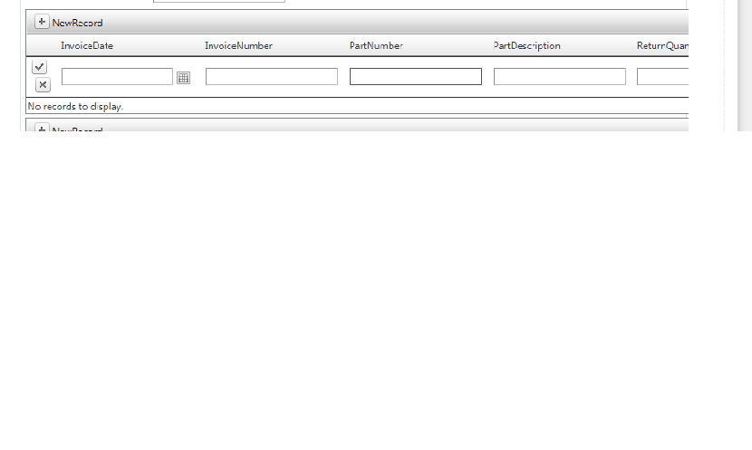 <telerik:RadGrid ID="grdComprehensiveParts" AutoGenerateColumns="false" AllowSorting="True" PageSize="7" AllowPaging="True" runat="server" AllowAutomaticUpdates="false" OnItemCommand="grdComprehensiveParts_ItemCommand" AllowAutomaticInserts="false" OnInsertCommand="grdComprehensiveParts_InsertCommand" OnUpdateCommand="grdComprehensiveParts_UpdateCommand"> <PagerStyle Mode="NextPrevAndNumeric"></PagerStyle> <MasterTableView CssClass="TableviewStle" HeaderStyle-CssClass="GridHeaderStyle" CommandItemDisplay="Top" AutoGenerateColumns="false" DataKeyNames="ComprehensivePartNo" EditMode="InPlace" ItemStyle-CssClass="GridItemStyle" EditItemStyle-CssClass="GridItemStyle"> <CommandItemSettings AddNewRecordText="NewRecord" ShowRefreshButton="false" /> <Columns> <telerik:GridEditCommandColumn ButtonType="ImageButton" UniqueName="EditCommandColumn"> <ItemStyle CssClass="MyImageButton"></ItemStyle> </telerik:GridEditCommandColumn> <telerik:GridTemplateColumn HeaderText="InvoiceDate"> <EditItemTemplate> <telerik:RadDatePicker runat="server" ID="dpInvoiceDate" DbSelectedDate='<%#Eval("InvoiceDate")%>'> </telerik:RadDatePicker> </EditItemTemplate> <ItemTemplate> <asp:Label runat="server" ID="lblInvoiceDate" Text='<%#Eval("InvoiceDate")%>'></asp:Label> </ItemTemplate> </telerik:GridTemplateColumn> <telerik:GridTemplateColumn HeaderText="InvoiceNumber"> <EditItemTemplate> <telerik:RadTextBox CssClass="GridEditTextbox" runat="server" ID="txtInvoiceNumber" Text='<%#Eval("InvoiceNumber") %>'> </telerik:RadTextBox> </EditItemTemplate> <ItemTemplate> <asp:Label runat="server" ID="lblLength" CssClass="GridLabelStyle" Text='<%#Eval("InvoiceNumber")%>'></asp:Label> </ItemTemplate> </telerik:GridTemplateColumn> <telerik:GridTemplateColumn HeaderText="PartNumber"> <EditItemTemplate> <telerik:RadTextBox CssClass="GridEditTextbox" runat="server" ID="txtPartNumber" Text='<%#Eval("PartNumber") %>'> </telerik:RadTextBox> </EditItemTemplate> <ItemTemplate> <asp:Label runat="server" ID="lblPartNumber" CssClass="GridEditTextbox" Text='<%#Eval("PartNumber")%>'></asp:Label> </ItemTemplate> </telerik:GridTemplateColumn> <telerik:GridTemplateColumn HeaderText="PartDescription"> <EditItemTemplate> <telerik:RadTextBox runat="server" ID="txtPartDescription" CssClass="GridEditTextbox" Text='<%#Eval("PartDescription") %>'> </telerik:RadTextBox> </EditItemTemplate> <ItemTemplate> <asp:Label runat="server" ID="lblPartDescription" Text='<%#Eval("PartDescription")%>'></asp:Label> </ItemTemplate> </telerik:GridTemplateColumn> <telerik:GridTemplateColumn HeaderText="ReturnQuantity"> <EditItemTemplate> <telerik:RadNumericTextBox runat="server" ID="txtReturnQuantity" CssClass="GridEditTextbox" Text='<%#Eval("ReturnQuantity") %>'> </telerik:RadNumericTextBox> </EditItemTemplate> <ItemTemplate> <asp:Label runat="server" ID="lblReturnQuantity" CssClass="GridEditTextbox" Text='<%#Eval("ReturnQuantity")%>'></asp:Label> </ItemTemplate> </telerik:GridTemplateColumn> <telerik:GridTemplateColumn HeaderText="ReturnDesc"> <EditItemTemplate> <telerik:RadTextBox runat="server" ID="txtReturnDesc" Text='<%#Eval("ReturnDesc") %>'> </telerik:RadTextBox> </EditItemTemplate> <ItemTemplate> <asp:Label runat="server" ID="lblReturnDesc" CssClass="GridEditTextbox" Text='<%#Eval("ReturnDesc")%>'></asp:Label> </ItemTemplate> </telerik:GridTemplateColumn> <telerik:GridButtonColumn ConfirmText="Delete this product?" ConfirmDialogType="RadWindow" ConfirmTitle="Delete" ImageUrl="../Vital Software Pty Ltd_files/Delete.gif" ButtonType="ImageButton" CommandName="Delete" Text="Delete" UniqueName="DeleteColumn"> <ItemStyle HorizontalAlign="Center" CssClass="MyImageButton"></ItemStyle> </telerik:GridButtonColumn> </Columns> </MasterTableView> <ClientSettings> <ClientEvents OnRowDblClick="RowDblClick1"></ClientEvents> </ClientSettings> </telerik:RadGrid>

* * *

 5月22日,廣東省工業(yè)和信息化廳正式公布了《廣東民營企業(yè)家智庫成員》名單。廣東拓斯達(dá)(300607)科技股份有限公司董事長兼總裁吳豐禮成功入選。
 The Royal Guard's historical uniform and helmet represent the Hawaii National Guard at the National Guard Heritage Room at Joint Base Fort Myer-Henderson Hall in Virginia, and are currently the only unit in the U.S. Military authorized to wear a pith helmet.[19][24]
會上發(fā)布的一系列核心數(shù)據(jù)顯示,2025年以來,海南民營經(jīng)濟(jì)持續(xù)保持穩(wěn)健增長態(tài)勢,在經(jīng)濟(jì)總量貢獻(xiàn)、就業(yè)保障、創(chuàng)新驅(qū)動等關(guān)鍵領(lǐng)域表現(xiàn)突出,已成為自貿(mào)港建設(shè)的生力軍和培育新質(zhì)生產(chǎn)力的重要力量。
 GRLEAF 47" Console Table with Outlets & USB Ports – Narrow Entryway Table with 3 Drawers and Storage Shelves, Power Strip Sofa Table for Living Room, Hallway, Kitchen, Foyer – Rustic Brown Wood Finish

* * *

- [Description of the task] For every line above that holds the word "Room", report the whole line.

- [Output of the exercise]
 The Royal Guard's historical uniform and helmet represent the Hawaii National Guard at the National Guard Heritage Room at Joint Base Fort Myer-Henderson Hall in Virginia, and are currently the only unit in the U.S. Military authorized to wear a pith helmet.[19][24]
 GRLEAF 47" Console Table with Outlets & USB Ports – Narrow Entryway Table with 3 Drawers and Storage Shelves, Power Strip Sofa Table for Living Room, Hallway, Kitchen, Foyer – Rustic Brown Wood Finish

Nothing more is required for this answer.